Mercy Corps, with investment from an arm of the World Bank and a
Dutch fund, plans to convert a struggling Bali bank into an
institution that can help thousands of small microfinance
organizations attain stability and boost services. The Bank of
Banks will enable the Indonesian organizations to move beyond
offering microloans and savings accounts to provide insurance,
mortgage finance, remittance services and mobile banking.

The bank and supporting institutions aim to help 16 million
Indonesians build financial security by 2011, reaching them in
new ways, via cell phones, ATMs and the Internet. Mercy Corps
managers say that if successful, the strategy -- to be expanded
to the Philippines -- could help 45 million people permanently
move out of poverty during the next 10 years.

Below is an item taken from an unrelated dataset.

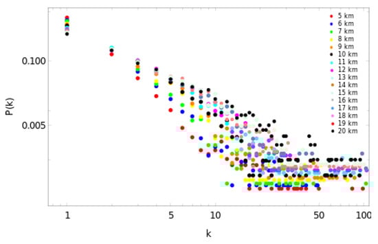 Figure 6. Log-log plot of the degree distribution for the studied complex networks. The complex networks were built with values of the side between Δ = 5 km and Δ = 20 km. The scale-free behavior is clear.
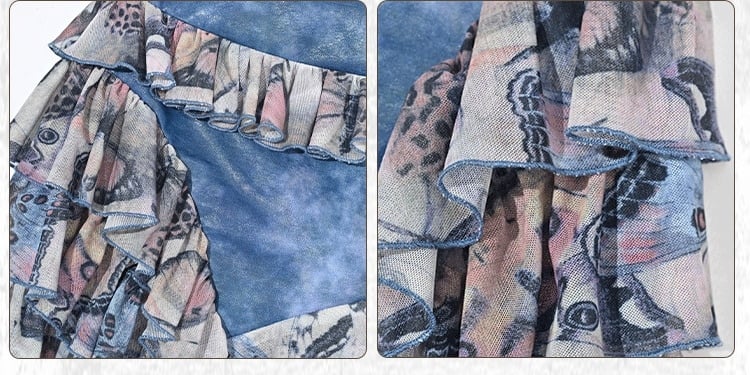 Grunge Punk Rock Fairy Style Blue Butterflies Print Tiered Ruffles Asymmetrical Hem Patchwork Skirt

"Bank of Banks is expected to revolutionize the way microfinance
works in Indonesia and beyond," said Neal Keny-Guyer, chief
executive of Mercy Corps.

Biggest, first

The deal represents several firsts for Mercy Corps. The Gates
grant is the biggest it has received from the Seattle-based
foundation. While Gates has supported Mercy Corps
disaster-response initiatives, the foundation hadn't yet backed
one of the humanitarian organization's non-emergency programs.

Mercy Corps has years of experience in microfinance, an approach
that became widely known when Bangladeshi banker Muhammad Yunus
and his Grameen Bank won the 2006 Nobel Peace Prize for their
grass-roots financial programs.

In 2001, Mercy Corps co-founded XacBank, a commercial bank in
Mongolia that extends financial services to yak herders and
others across one of the world's most sparsely populated
countries. Microfinance institutions started by Mercy Corps in
Kazakhstan, Kyrgyzstan and Tajikistan have disbursed $240
million in loans during 10 years to businesses and communities.